Keywords: Congenital upper limb anomalies (CULA); genetics; genome; biological pathway

Received: 01 April 2019; Accepted: 20 June 2019; Published: 09 July 2019.

doi: 10.21037/aoj.2019.06.03


Congenital upper limb anomalies (CULA) include a wide spectrum of structural abnormalities caused by perturbation in the morphogenesis of the upper limb, which affect approximately 1 per 500 live births (1,2). About 20% to 30% of babies with CULA has at least one associated non-limb anomaly (2), and approximately 10% to 20% of all congenital anomalies has upper limb involvement (3).
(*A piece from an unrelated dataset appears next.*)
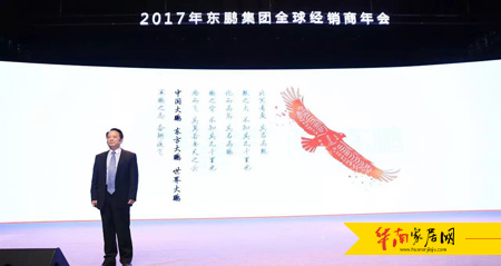 2017年,他希望每一位经销商都能够跟着东鹏一起,不忘初心,以始为终。牢记打造世界级的陶瓷品牌的梦想,通过组织内部的加速变革,为2017年的业绩腾飞注入新的动力。

This condition exhibits an extreme heterogeneity of presentations with different grades of severity. Although some of them result in mild functional consequences, they can also bring psychological problems for children (4).

So far, there are two commonly used classification schemes in clinical settings, i.e., the Swanson Classification and the Oberg-Manske-Tonkin (OMT) Classification. The Swanson Classification was proposed in 1964 and utilized the anatomical understanding and the surgical perspective on management (5). Although the Swanson Classification is satisfactory in several criteria, it does not include the knowledge acquired in the last 50 years (2). The OMT Classification combines more recent knowledge about limb development and the pathogenesis of limb anomalies using dysmorphology terminology (6) and provides a more practical and easily utilized scheme.
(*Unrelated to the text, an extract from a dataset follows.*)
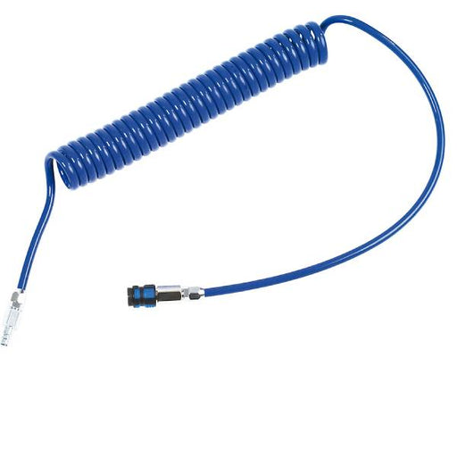 Spiralslange til trykluft Farve: Blå Længde: 5,0 meter Arbejdslængde: 4,0 meter Tilslutning: kobling/nippel Indvendigt: Ø 6,5 mm Udvendigt:...

The pathogenesis of CULA remains poorly understood. A limited number of studies provide evidence in linking exposure to environmental chemicals and CULA, including persistent organic and air pollution (7). Interestingly, chorionic villus sampling has been identified as a risk factor of syndromic and non-syndromic CULA (8). In contrast, the observation of familial CULA cases highlighted the contribution of genetic factors in CULA. Novel approaches such as single nucleotide polymorphism (SNP) array, comparative genomic hybridization-array (array-CGH) and next generation sequencing (NGS) enable the identification of numerous causative genes of CULA. Unravelling the genetic background of syndromic CULA helps to broaden the spectrum of causative genes, identify the pathways required for normal limb organogenesis and explain the mechanism underlying the cooccurrence of CULA and non-limb anomalies. In this review, we first introduce the developmental process of the upper limbs and the involved signaling pathways. Then, we provide an overview of the genetic basis of syndromic CULA according to the related pathways of the causal genes.
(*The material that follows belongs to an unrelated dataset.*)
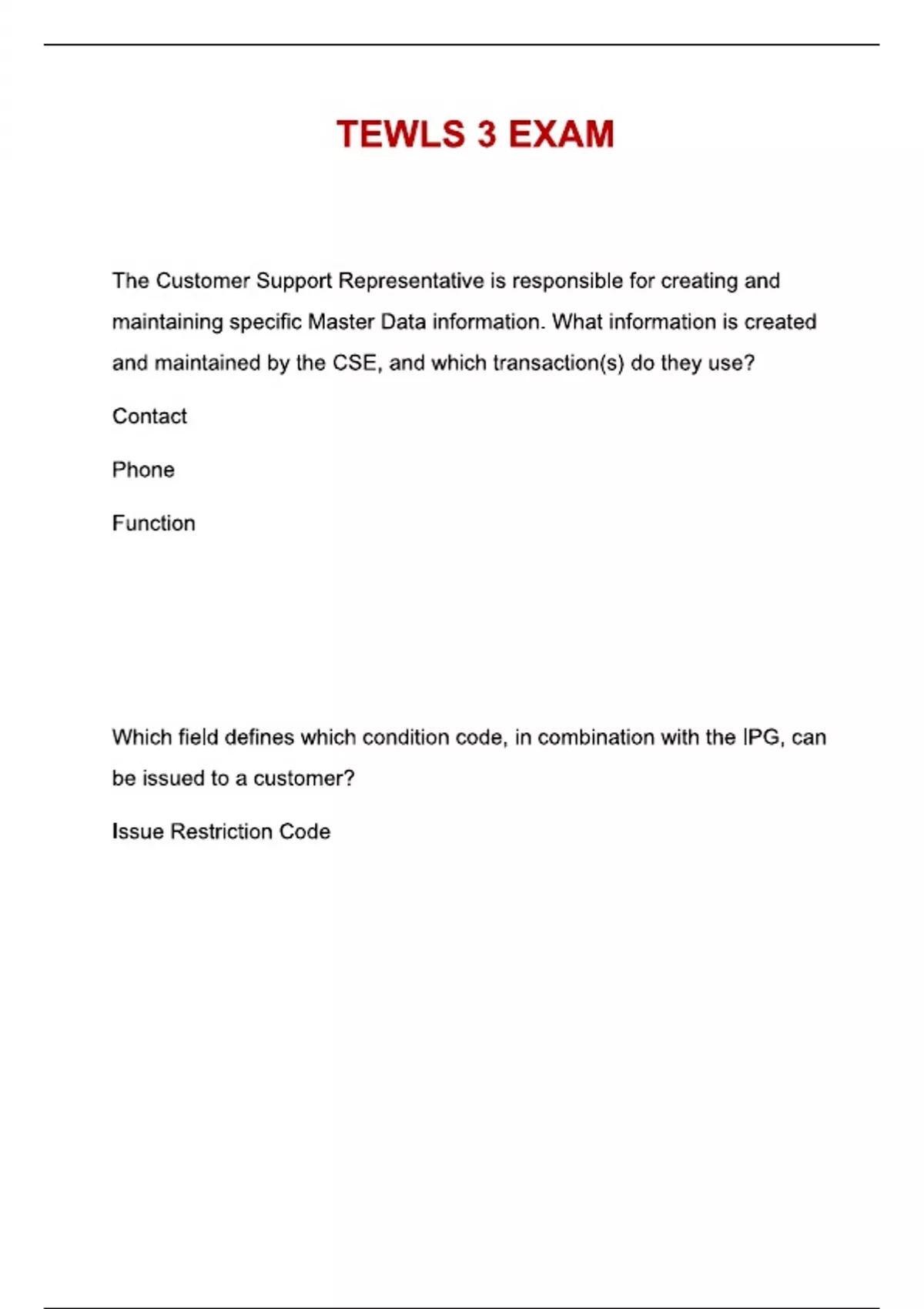 tewls 3 exam update questions with

Development of the upper limbs

The development of vertebrate limbs during embryonic life is a multi-stage process, which is orchestrated by complex interactions between signaling centers. In humans, the development of the limb bud initiates at around the fourth week of gestation with the appearance of a small bud from the lateral body wall. The limb bud consists of an inner mesenchymal core and an outer ectodermal cap (9). Following the limb bud emergence is the formation of three axes: the proximal-distal (PD), the anteroposterior (AP) and the dorso-ventral (DV) axes. Mesenchymal fibroblast growth factor 10 (FGF10), bone morphogenetic proteins (BMP) signaling induce the formation of the apical ectodermal ridge (AER), which is located at the DV interface. AER mainly mediates PD patterning through the regulation of FGF and WNT signals (10). Besides FGF from AER, DV axis is also defined by retinoic acid (RA) signaling from the lateral walls (9). Zone of polarizing activity (ZPA) locates in the posterior limb bud mesenchyme and is controlled by Sonic Hedgehog (SHH) signaling. SHH secreted by ZPA diffuse along the limb bud to form a gradient, which control the formation of AP axis. Multiple signals including TBX, HAND2, RA, HOXD and GLI3R are involved in the regulation of SHH expression and further influence AP patterning. SHH from ZPA and FGF from AER form an epithelial-mesenchymal feedback loop that governs the formation of PD and AP axis. WNT family member 7A (WNT7A), produced by the presumptive dorsal limb ectoderm, is considered to be the organizer of DV axis. The specific expression of LIM-homeodomain transcription factor 1 beta (LMX1B) in the dorsal mesenchyme of the limb bud is induced by WNT7A (6). LMX1B is a necessary and sufficient factor in guidance of the dorsal limb patterning (11). The signal transduction of SHH, WNT and BMP is critically coordinated by the primary cilium, which is a microtubule-based organelle that emerge from the cell surface of most vertebrate cell types (10).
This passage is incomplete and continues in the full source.